Sunday, October 2, 2011

Ki Tetze 5771

Since few—if any—readers own donkeys or oxen, why bother to consider one of the verses in Parashat Ki Tetze:  “You shall not plow with an ox and a donkey together” (Deuteronomy 22:10)?  Since we’ll never have occasion to do such a thing, perhaps the verse is meaningless to us.

But before we dismiss it, let’s consider the verse more closely—particularly since, as non-farmers, we might not understand it fully.  Why not yoke the ox and the donkey together?  Not because of diminished productivity (that is, the farmer’s lost earnings), but rather out of concern for the animals’ welfare.  An ox and a donkey are of substantially unequal strengths.  If they are yoked together, they will draw at different paces.  They will be able to work for different amounts of time.  One might be dragged along, exhausted.  The unbalanced yoke might cut them.  It isn’t humane to form a partnership of two such mismatched animals.

For which creature should we be primarily concerned?  Is it the brawny ox, who can’t accomplish as much if tethered to the smaller donkey?  Or for the donkey, who works extra hard just to keep up, who has to rush so as not to be strangled?  The Jewish concern is primarily for the donkey, that is, the underdog.

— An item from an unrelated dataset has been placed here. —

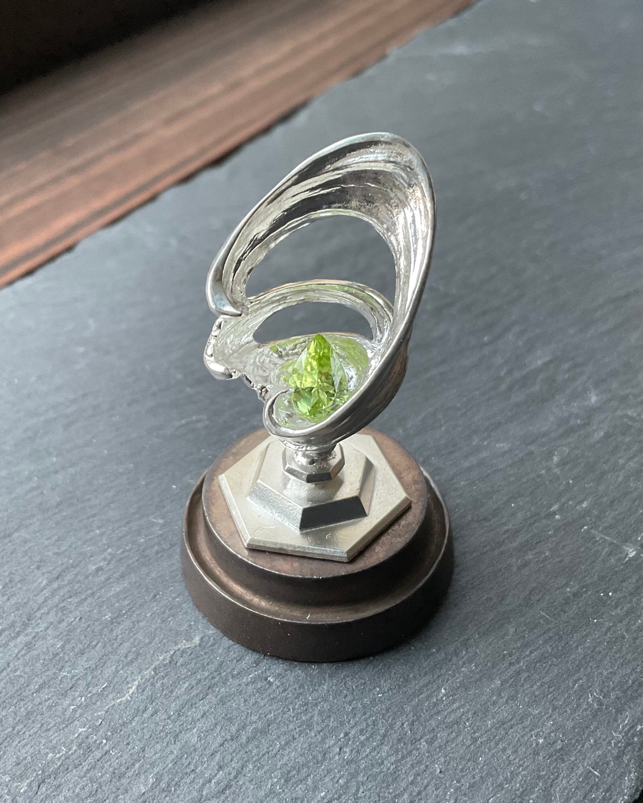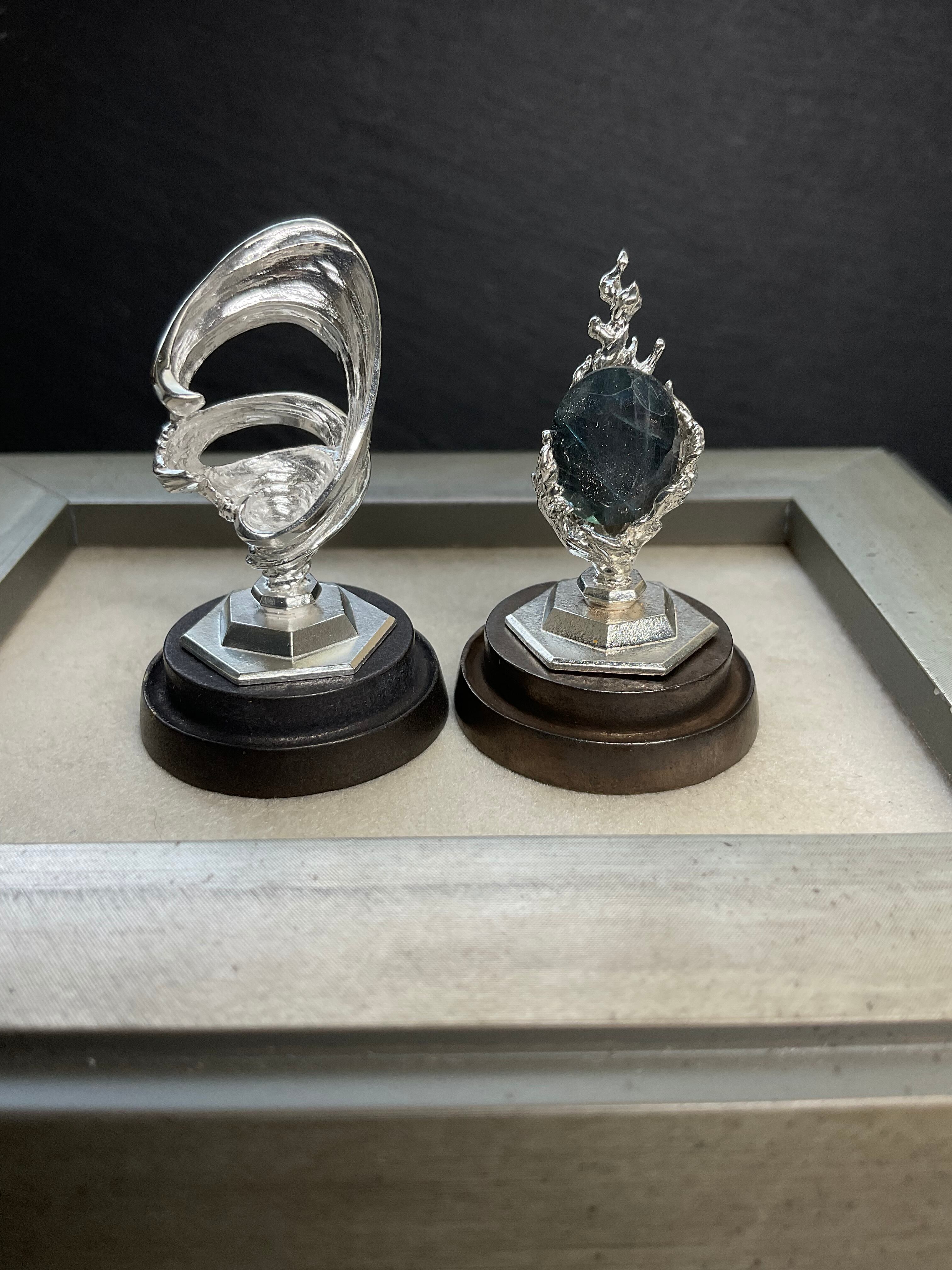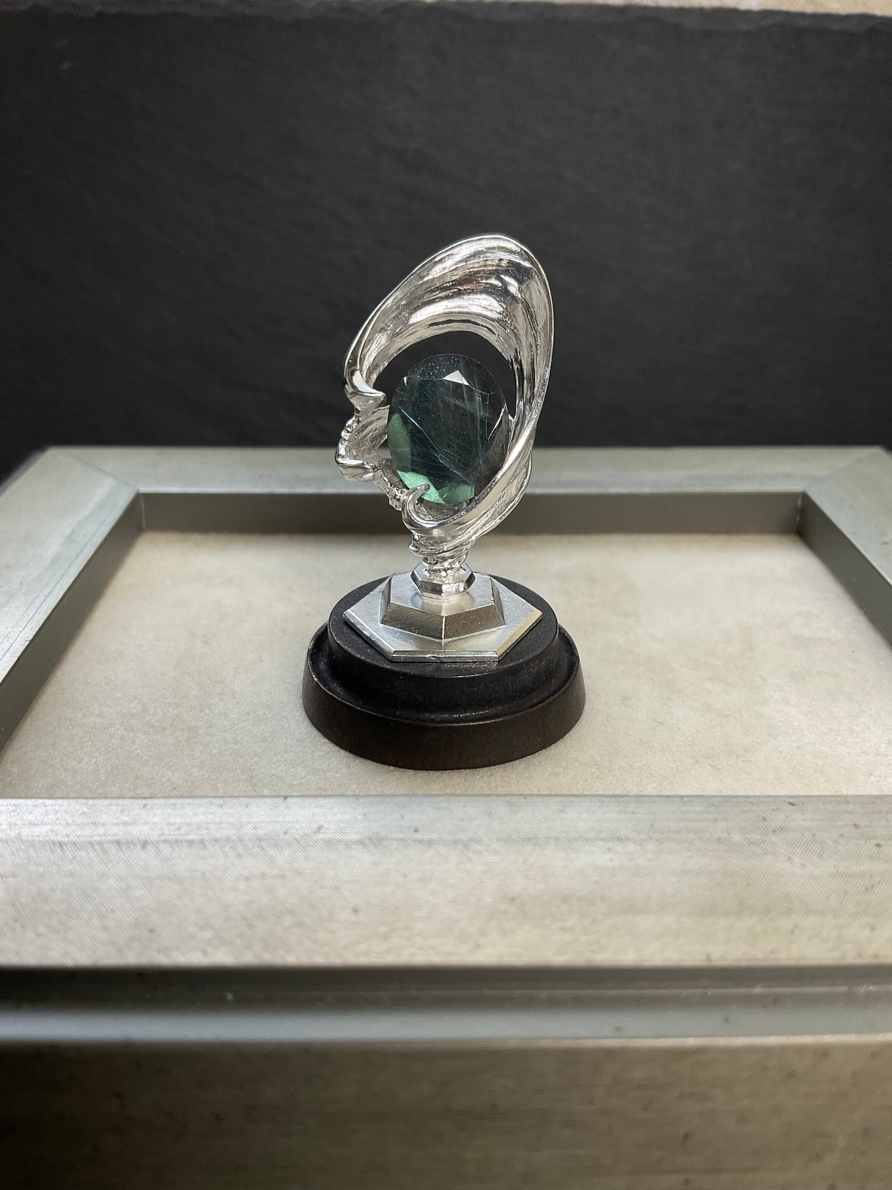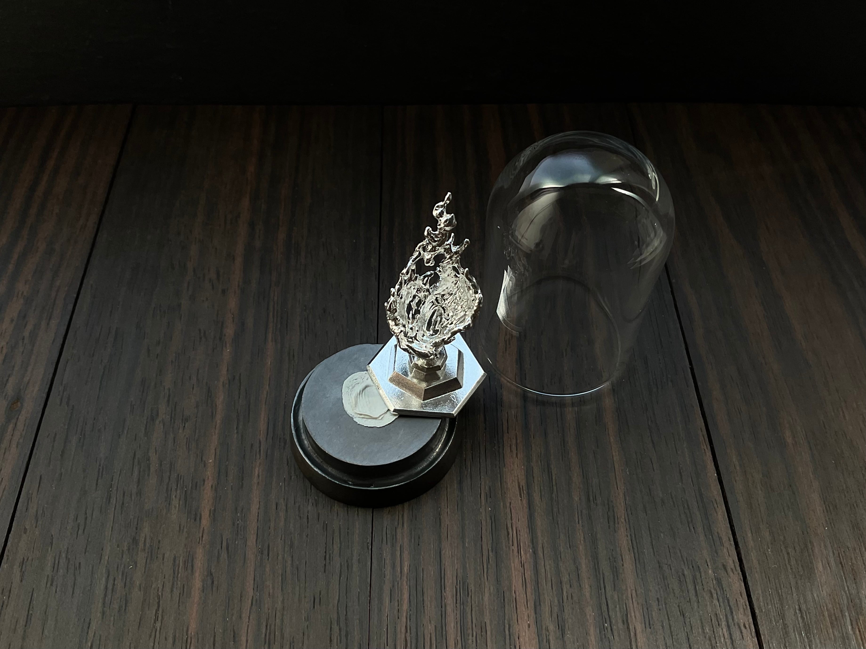 水や炎の台座より大きめのルース、鉱石が乗ります。立体的な造形の中で石の色が反射して造形の中で際立つようにと作り上げています。付属のガラスドーム使用としては内径の高さ造形としては最大です。各好きな角度から写真を撮ったり石を楽しんでいただけます。

The central narrative of the Jewish people is the Exodus:  our slavery in Egypt, and our release into freedom and covenant.  It is this story that makes us who we are.  We re-tell it when we pray, between conclusion of V’ahavta (“I am Adonai your God, who led you out of Egypt to be your God…”) and Michamocha, our song of redemption.  At Passover, we don’t just re-tell it—we experience it anew through culinary reenactment (“in every generation, each person is obligated to regard him or herself as though s/he had actually gone forth out of Egypt”).  We do this not only so that we will value our freedom, but also to remember our slavery.  We want the taste of maror, of bitterness, in our mouths so that we will know what misery feels like.  Why?  So that we will perpetually be on the side of the underdog, the powerless, the voiceless, the downtrodden … the donkey.  That is what it means to be a Jew. 

From an “irrelevant” statement about mismatched farm animals, we can discern the central principle of Judaism.